[Entries taken from a collection]
*** Begin section ***

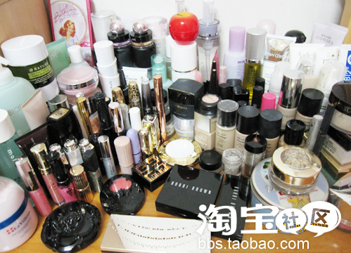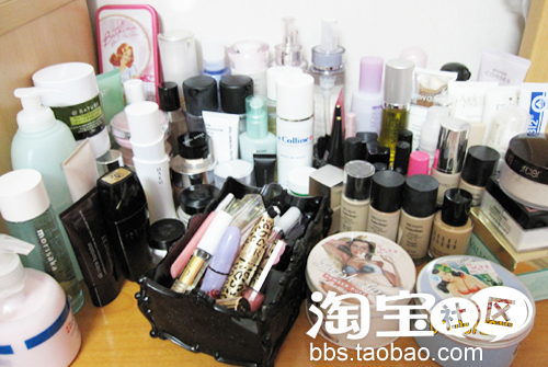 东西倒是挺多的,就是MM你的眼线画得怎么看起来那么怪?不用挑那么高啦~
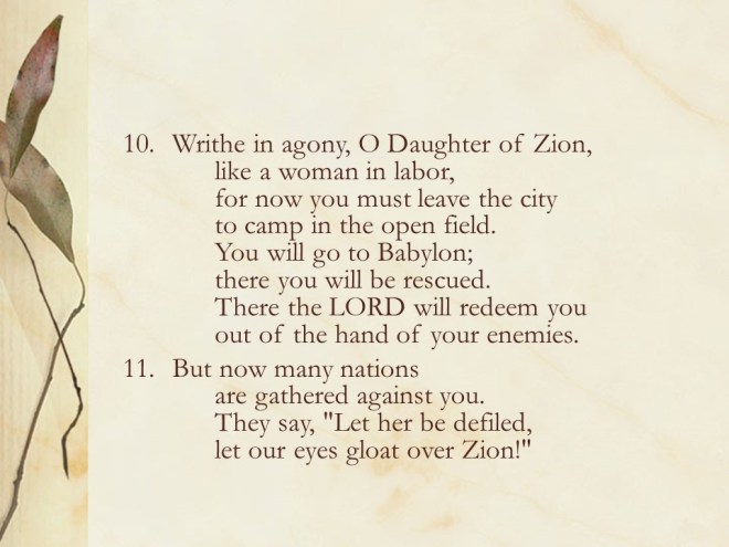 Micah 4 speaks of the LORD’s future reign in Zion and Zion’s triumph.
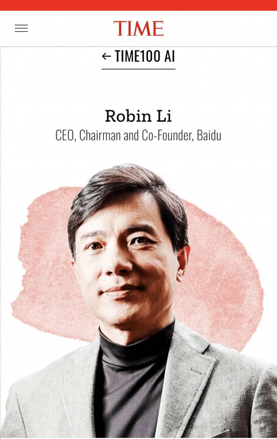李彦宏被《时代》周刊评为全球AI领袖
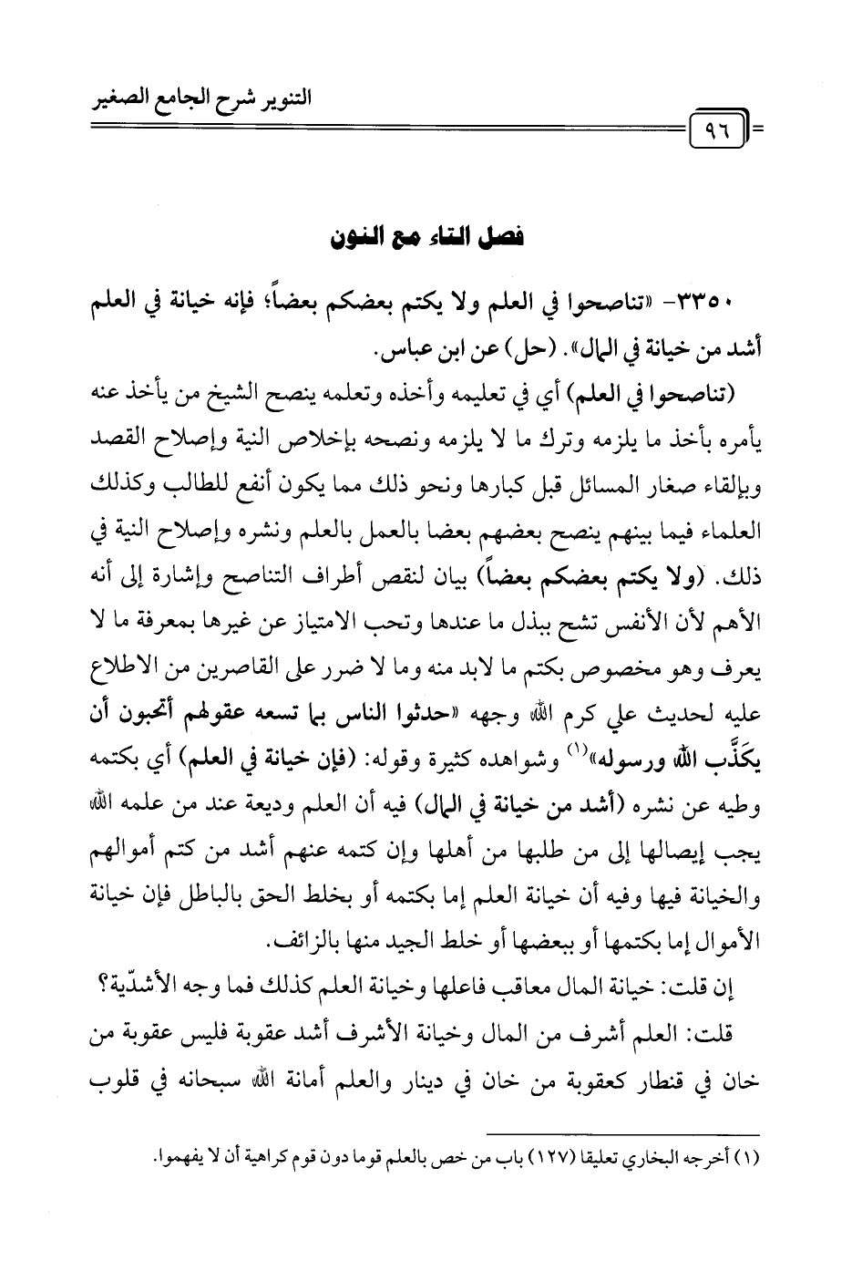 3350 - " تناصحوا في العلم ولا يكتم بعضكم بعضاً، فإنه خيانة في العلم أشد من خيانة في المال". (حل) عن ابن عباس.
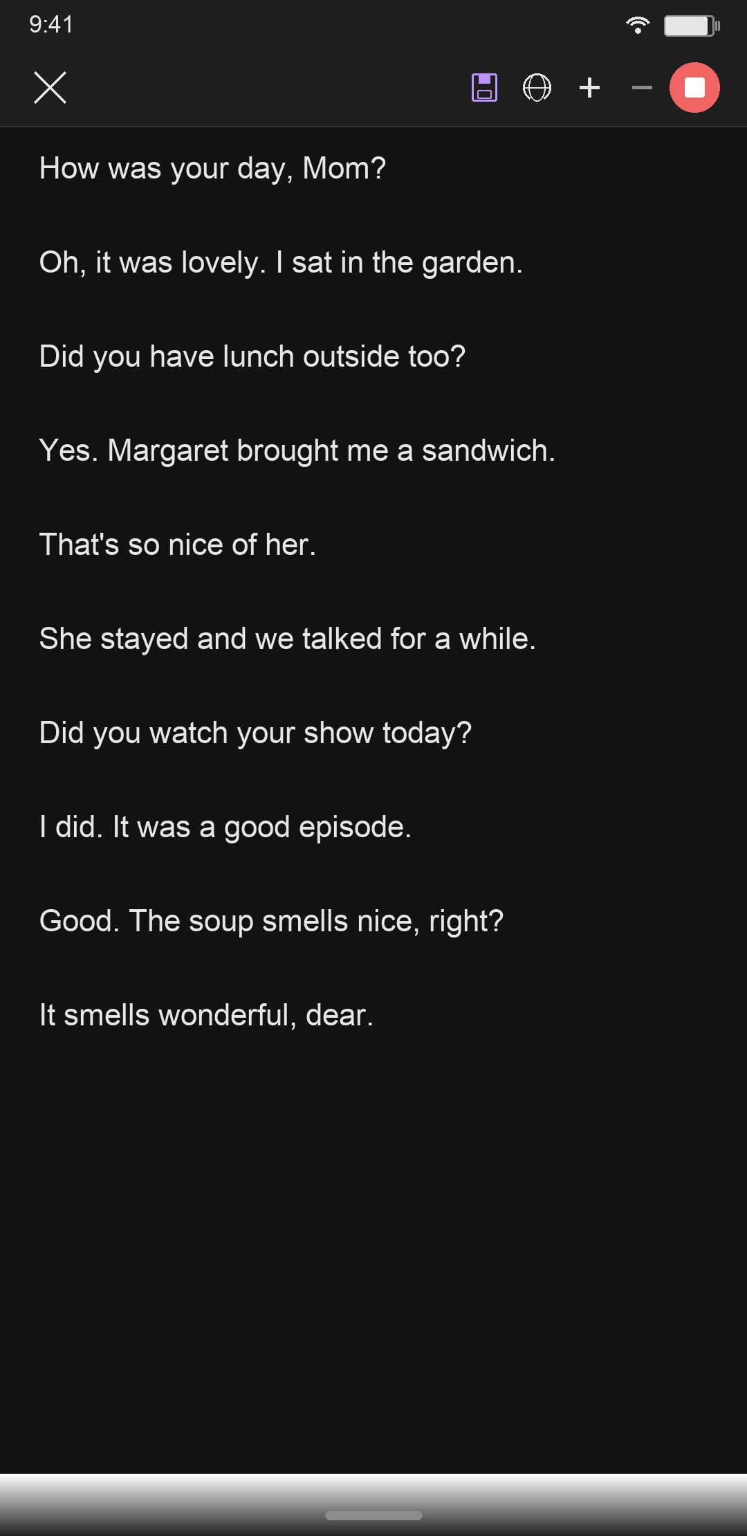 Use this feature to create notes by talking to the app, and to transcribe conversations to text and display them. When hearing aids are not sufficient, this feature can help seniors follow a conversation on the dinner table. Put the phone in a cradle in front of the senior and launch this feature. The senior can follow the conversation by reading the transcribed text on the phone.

*** End section ***

### Assigned task
A verbatim copy of the records above, without pictures, is required.

### Result
 东西倒是挺多的,就是MM你的眼线画得怎么看起来那么怪?不用挑那么高啦~
 Micah 4 speaks of the LORD’s future reign in Zion and Zion’s triumph.
李彦宏被《时代》周刊评为全球AI领袖
 3350 - " تناصحوا في العلم ولا يكتم بعضكم بعضاً، فإنه خيانة في العلم أشد من خيانة في المال". (حل) عن ابن عباس.
 Use this feature to create notes by talking to the app, and to transcribe conversations to text and display them. When hearing aids are not sufficient, this feature can help seniors follow a conversation on the dinner table. Put the phone in a cradle in front of the senior and launch this feature. The senior can follow the conversation by reading the transcribed text on the phone.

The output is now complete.